Yes, it does feel that something is wrong somewhere, but I can't find out where. Nobody would be using the idiomatic goroutine-per-task with that kind of overhead, yet it's one of the most common building blocks of golang projects.

val_deleplace|7 years ago

Hi iainmerrick, just for info the measured per-file cost didn't include reading from the filesystem. Only the in-memory parsing was taken into account.

weberc2|7 years ago

I write single-threaded Go all the time, and you can use most of the same optimizations in Go that you could use in C (including pools). It's pretty easy to opt out of GC in Go. And you still keep all of the other benefits of using a modern, higher-level language (security, memory safety, straightforward tooling, etc).

emperorcezar|7 years ago

It only does because the author is testing for their specific environment. At some number of cores, the concurrent calls will produce more performant code than running sequentially.

Ideally, in this case I would think one would want to check the number of cores and decide what route to take.

scott_s|7 years ago

When the author removed parallelism the first time, I don't think this is the case. Running things in parallel has a cost. That cost often comes in the form of memory allocations and data copies so the unit of work can be stored and shared with another thread, and the synchronization costs of scheduling threads. If that aggregate cost is greater than the computational cost of what you're computing, you'll never win.
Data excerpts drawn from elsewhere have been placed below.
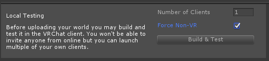 When testing many clients, it can be a hassle to arrange your windows and wait for VRChat to login every time you make a change to your world. You can change the 'Number of Clients' to launch to 0 to change "Build & Test" into "Build & Reload" This will build a new version of your world and move all open clients into that new local instance, skipping the VRChat startup sequence altogether.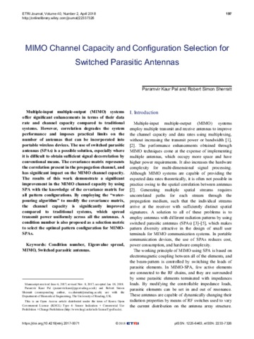 MIMO channel capacity and configuration selection for switched parasitic antennas.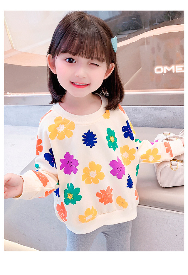 【满印花朵,百搭洋气!】儿童2024春秋新款女童卫衣休闲百搭,洋气花朵中小童上衣宝宝打底衫,不仅具有时尚感,更注重实用性和舒适度,是您给孩子的不二选择!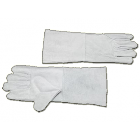 Marhahasítékból készült hegesztőkesztyű 15 cm-es marhahasítékos mandzsettával olvadt fémcseppek elleni védelemre.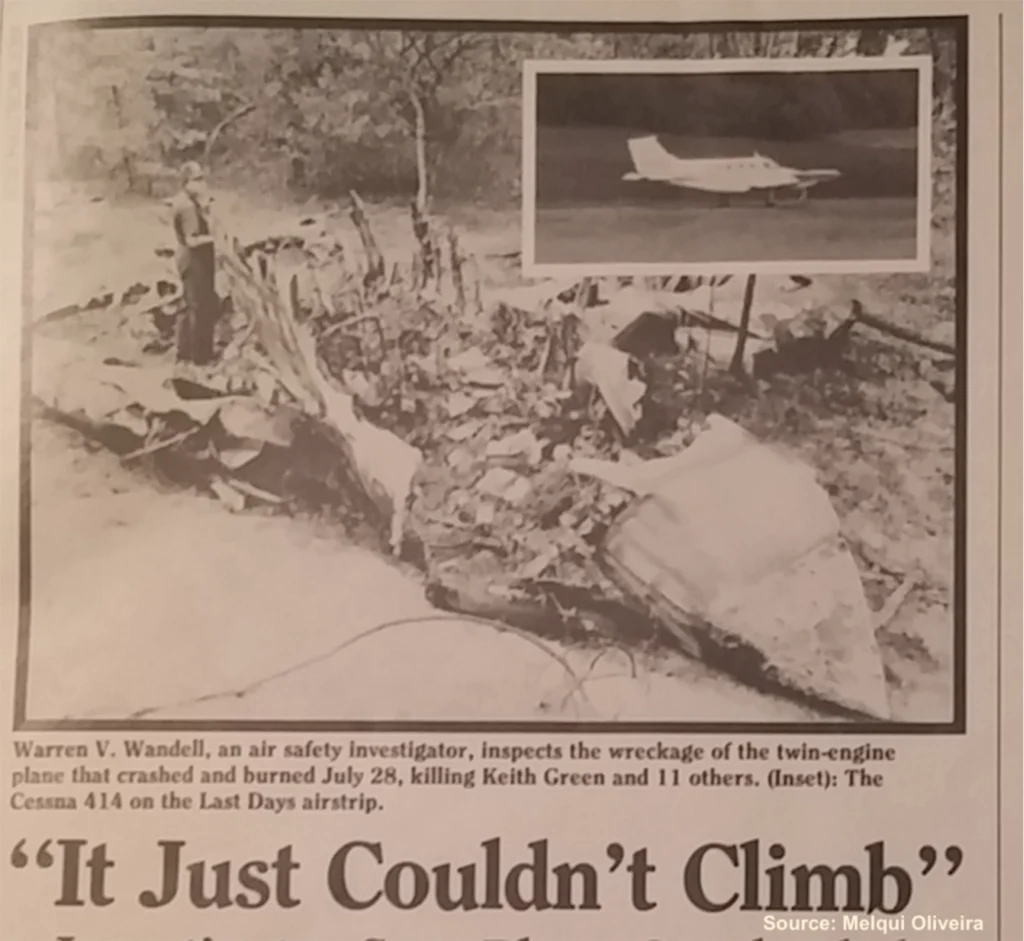 En las imágenes que me arrojó el buscador, me pareció que su aspecto era algo ochentero, aunque pronto vi que, según la fecha de su fallecimiento (28 de julio de 1982), no vivió mucho de esa época. Más bien, su estilo era relajado, usaba atuendos informales como overoles, sandalias, camisetas con estampados… etc. Ahora, no tuve que hacer mucho scroll para leer la siguiente pregunta: “¿Por qué se estrelló el avión de Keith Green?”. Así supe que el final de su vida no llegó en su vejez, sino a sus 28 años, en un fatídico accidente en el que también fallecieron tres adultos y ocho niños. Mi frente y mi corazón se arrugaron al tiempo. Sin embargo, aunque aquel asunto era digno de generar alguna conexión, me parecía un poco amarillista.

For the point at which the author removed parallelism, and the sequential code was faster, I think this was the case. The computation was too fine-grain. The author successfully took advantage of parallelism by applying it at a coarser granularity; each thread did more work. At this point, the author also does tune the solution for the execution environment, as he uses a fixed set of go-routines to process a bunch of messages rather than one go-routine per message.